Bring in a consultant. If internal bandwidth is the issue, consider a short-term project manager or consultant to vet providers, manage timelines, or lead the transition. This is especially helpful for stretched teams that want change but do not have capacity to drive it.
Build a rubric. Create a simple evaluation framework for your current provider: Are deadlines being met? Are issues resolved promptly? Are they improving over time or staying stagnant? Putting metrics to the relationship can surface insights you might otherwise dismiss.
Give yourself permission to expect more. This is perhaps the hardest, and most important, step. You deserve a partner who listens, who improves, who aligns with your goals. Your team deserves to work with someone who makes the job easier, not harder.
Here's the harder truth: higher education models the behaviors we expect students to tolerate. We expect students to push through when systems are clunky. To wait patiently when communication breaks down. To trust that we’ll eventually get it right. But that’s exactly what we do with our service providers and it’s a pattern that trickles down. When we accept subpar service, we’re not just absorbing the burden internally, we’re passing it downstream. We are indirectly asking students to give us the same grace and patience we’ve already extended to our vendors. And we should not expect them to.
I’ve watched students walk away from institutions at the very end of their programs, fully aware that transferring would delay their graduation and increase their costs. But they left anyway. Not because they couldn’t manage the coursework, but because they refused to keep investing in a system that didn’t invest in them. They prioritized themselves (as they should).
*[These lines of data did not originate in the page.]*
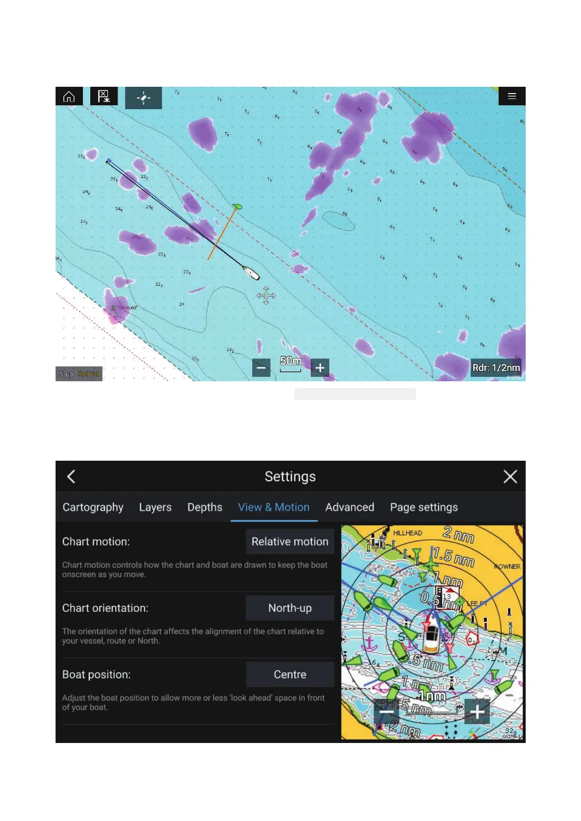 Theviewandmotiontaballowsyoutocontrolhowthechartisdisplayedinrelationtoyourvessel.
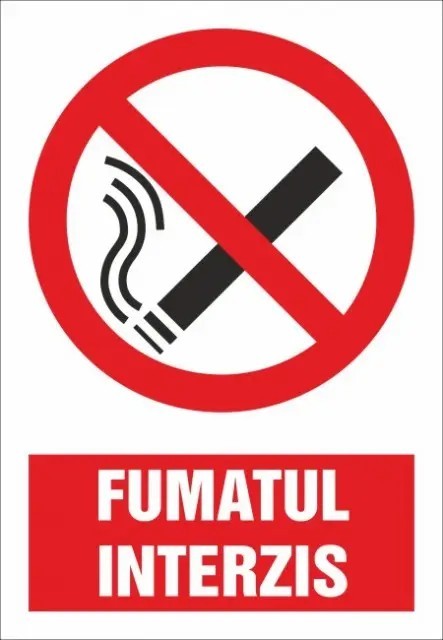 Descriere Indicator "Fumatul interzis" Material: PVC 1,5mm rigid, lucios, rezistent la agenţii naturali şi corozivi Dimensiune : 30 Cm x 20 Cm Indicatoarele sunt prevăzute cu găuri de fixare în colţuri şi se pot suspenda, nitui sau fixa în şuruburi sau cu ajutorul benzii adezive duble. Materialele din care sunt executate indicatoarele sunt de o calitate superioară, având în vedere faptul că acestea trebuie să reziste în timp la agresiuni de exploatare, diferenţele de temperatură, intemperii sau expunere prelungită la soare.
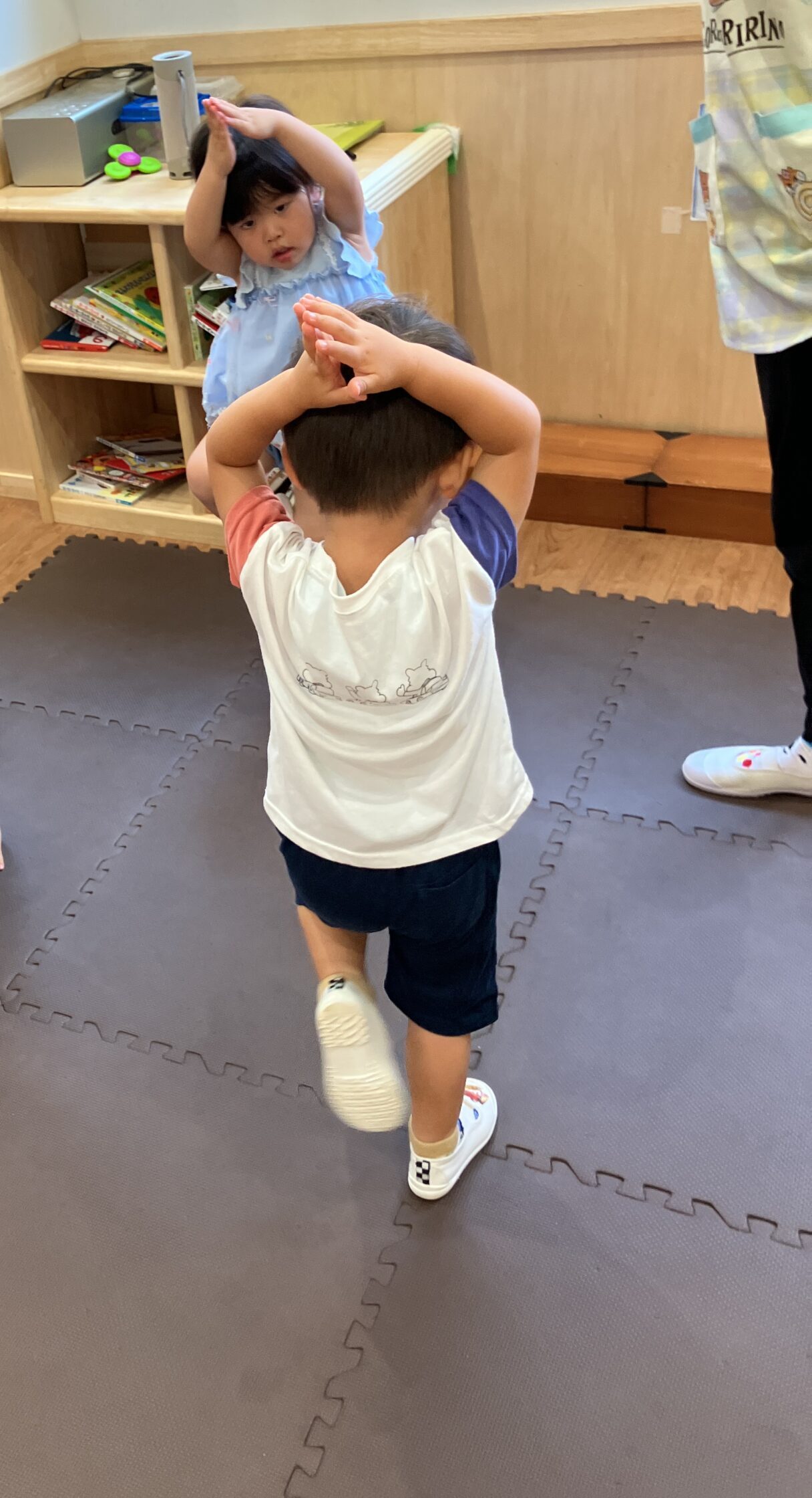 お友達と近くで遊ぶことが増えて真似っこする姿も見られます!同じことをやってみると嬉しい気持ちも芽生え、ニコニコが溢れています♪そこから学びに繋がり挑戦してみたり、できる事が増えていくのですね! 一緒に遊ぶの楽しいね♡ &
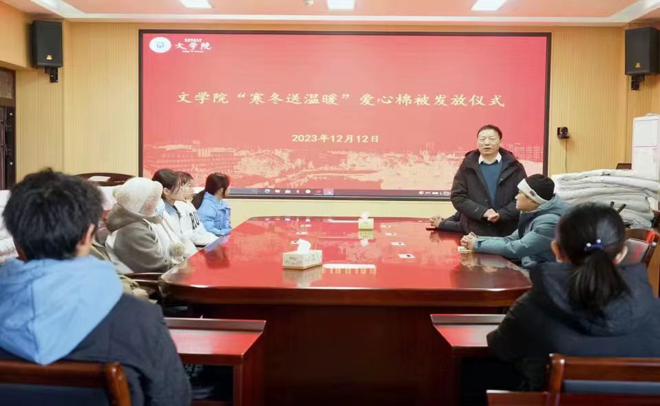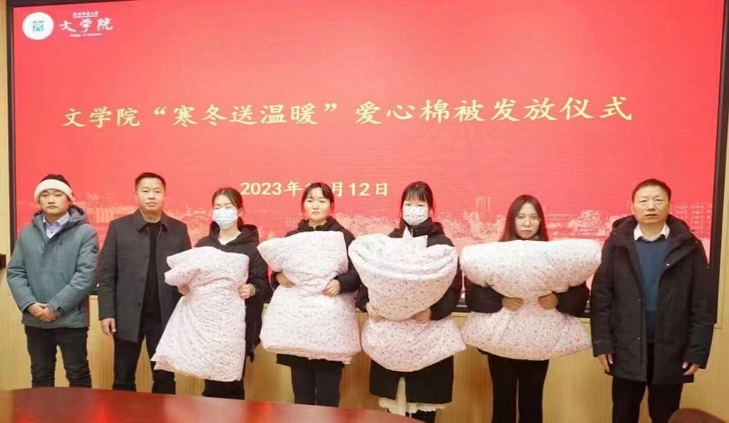 眷与成长源泉,赠予爱心递守。太阳成集团tyc151cc于12月12日下午在人文楼3-7会议室举办了“寒冬送温暖”爱心棉被发放仪式,为学院内76名家庭经济困难学生发放了爱心棉被。太阳成集团tyc151cc院长姚圣良、党委副书记王家宏、资助专员柳家琪、辅导员陈辉参加了本次活动,为同学们发放爱心棉被。
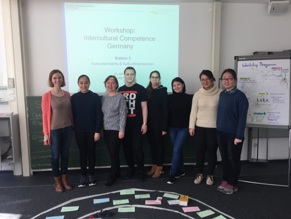On the 25th March 2019, Marcella Poguntke (left in the photo) gave a workshop on intercultural competence in Germany as part of the German Week for students of the Language Centre’s programme Academic German Year. The students came from very different cultures: China, Russia, Mongolia, Venezuela, Brazil, Ecuador, Costa Rica and South Korea.<br/>On a journey through four interactive sections, the students discovered together what culture is, how it expresses itself in thought and action and, above all, how one’s own cultural orientation influences one’s perception of German culture.<br/>Among other things, the participants developed the 'onion model of culture' which, layer by layer, gave rise to a colourful picture of German culture from different perspectives through their impressions and experiences. Not only did the participants learn about the background of German cultural peculiarities, but they also discussed this in relation to their own cultures. Finally, they learned from a professional case study how to deal constructively with interculturality and how to make positive use of cultural differences.
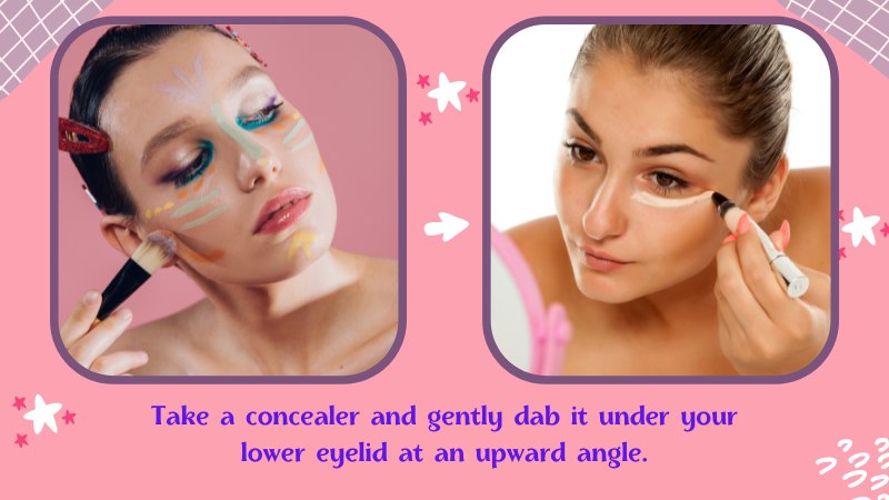 Take a concealer and gently dab it under your lower eyelid at an upward angle.
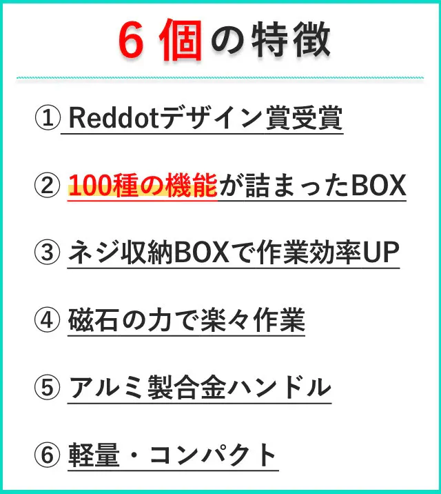 ドライバーハンドル先端と、下段ケースビット収納部には磁石が内蔵されており、ビット交換時にカチッとビットを固定するため、ビットを落としてしまう心配が要りません!
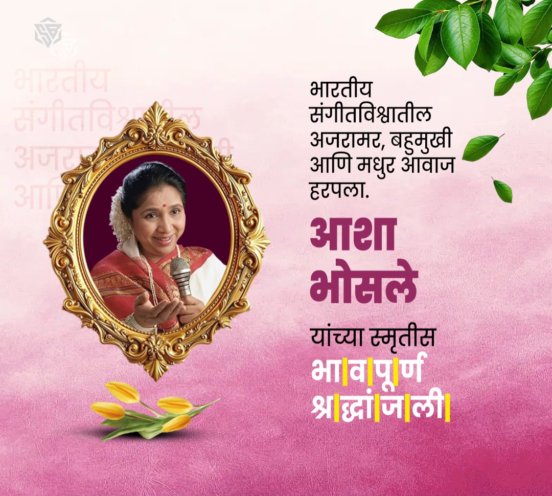 स्वर हरपले ज्येष्ठ गायिकाअशाताई भोसले भावपूर्ण श्रद्धांजली
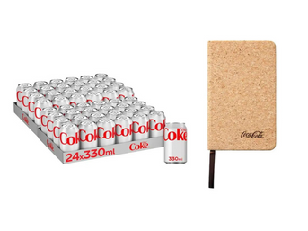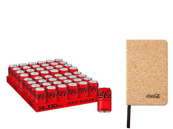 This bundle includes two packs of Coca-Cola Zero Sugar 24 x 330ml and a Coca-Cola A6 Cork Notebook.
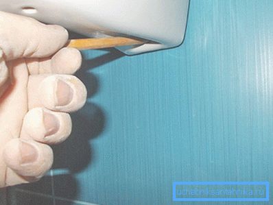 - Take the sink and set it on a pedestal in the mounting position. Through the mounting holes at the bottom of the bowl with a pencil we mark the places of fastening the brackets, having previously leveled the device using a level. We remove the shell and pedestal;
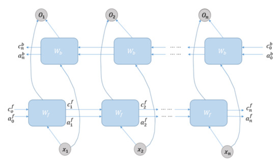 where, is the input value of the BI-LSTM network at time t; is the output value of the BI-LSTM network at time t; is the value of the forward hidden layer at time t; is the value of the forward hidden layer at time t − 1; V is the weight of the output layer in the forward calculation; g is the corresponding activation function; U is the weight of the input layer; f is the corresponding activation function; W is the corresponding weight of the hidden layer; V′ is the weight of the output layer in reverse calculation; U′ is the weight of the output layer; W′ is the weight of the hidden layer; is the output of LSTM memory unit in reverse calculation at time t; and is the output of LSTM memory unit in reverse calculation at time t − 1. The output value of the BI-LSTM network at time t was obtained by the forward and reverse output.
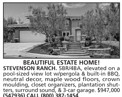 BEAUTIFUL ESTATE HOME! STEVENSON RANCH. 5BR/4BA, elevated on a pool-sized view lot w/pergola & built-in BBQ, neutral decor, maple wood floors, crown moulding, closet organizers, plantation shutters, surround sound, &3-car garage. $947,000 (547936) CALL (800) 387-1454

When we stay in partnerships that no longer work, we’re not just protecting the status quo. We’re normalizing it. And we’re signaling to our students that they should do the same; that disappointment, delay, and misalignment are just part of the deal. But they’re not. Or at least, they shouldn’t be. Breaking up is hard. Starting over is hard. But staying in the wrong partnership, out of habit, fear, or misplaced loyalty, is what truly holds us back.
We can expect more. And we should. For ourselves. For our teams. And especially for our students.